Georgia’s House of Representatives is scheduled to vote today (Friday) on HB 1084, a bill to prohibit the teaching of Critical Race Theory, or any kind of teaching that promotes a worldview of “race scapegoating or race stereotyping.” Though the sentiment isn’t bad, the curative is terrible.
A better idea might be to specify subjects that must be taught and the number of hours that must be devoted to those subjects in public elementary and high schools. Parental input and review of the subject materials and lessons should be a requirement. An orderly process for doing that should be established.
I'm familiar only with the school systems in Georgia. The State Department of Education provides some requirements, some guidance and the bulk of the funding.
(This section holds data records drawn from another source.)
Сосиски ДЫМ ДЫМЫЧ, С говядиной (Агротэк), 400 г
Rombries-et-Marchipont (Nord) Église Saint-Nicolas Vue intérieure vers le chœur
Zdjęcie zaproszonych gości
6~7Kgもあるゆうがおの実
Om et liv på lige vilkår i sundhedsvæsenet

The legislature passed some measures to partially equalize total funding after some local school districts became very wealthy when capital intensive industries (nuclear power plants for example) located inside their boundaries and paid millions in property taxes.
Cities can and do establish their own school systems as do counties. One small county in NE Georgia has two city school systems and a county system with no overlap. Gwinnett County has a population of nearly a million and has a county school system. At least one city within the county has a city system which was established as an elite academy to serve the city but will take students from elsewhere if they can afford the price.
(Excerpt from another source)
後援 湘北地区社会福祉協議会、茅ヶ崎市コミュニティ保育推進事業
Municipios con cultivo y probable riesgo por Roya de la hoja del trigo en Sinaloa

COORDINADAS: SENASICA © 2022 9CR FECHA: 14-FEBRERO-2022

That's probably more than you needed to know. I could have just said school systems in Georgia are a hodgepodge. I believe the state should establish the curriculum for the subjects that are most objective such as math, science, English, health, reading, factual history, etc. Local school boards and parents should have the right add language, music, government, civics, discussion courses and the like.
Given the variety found in Georgia school systems, I think it would turn out OK. If some group of parents were unhappy with the outcome, they could probably create their own city and run it their way. Georgia is flexible except new counties can be created only by consolidating existing counties.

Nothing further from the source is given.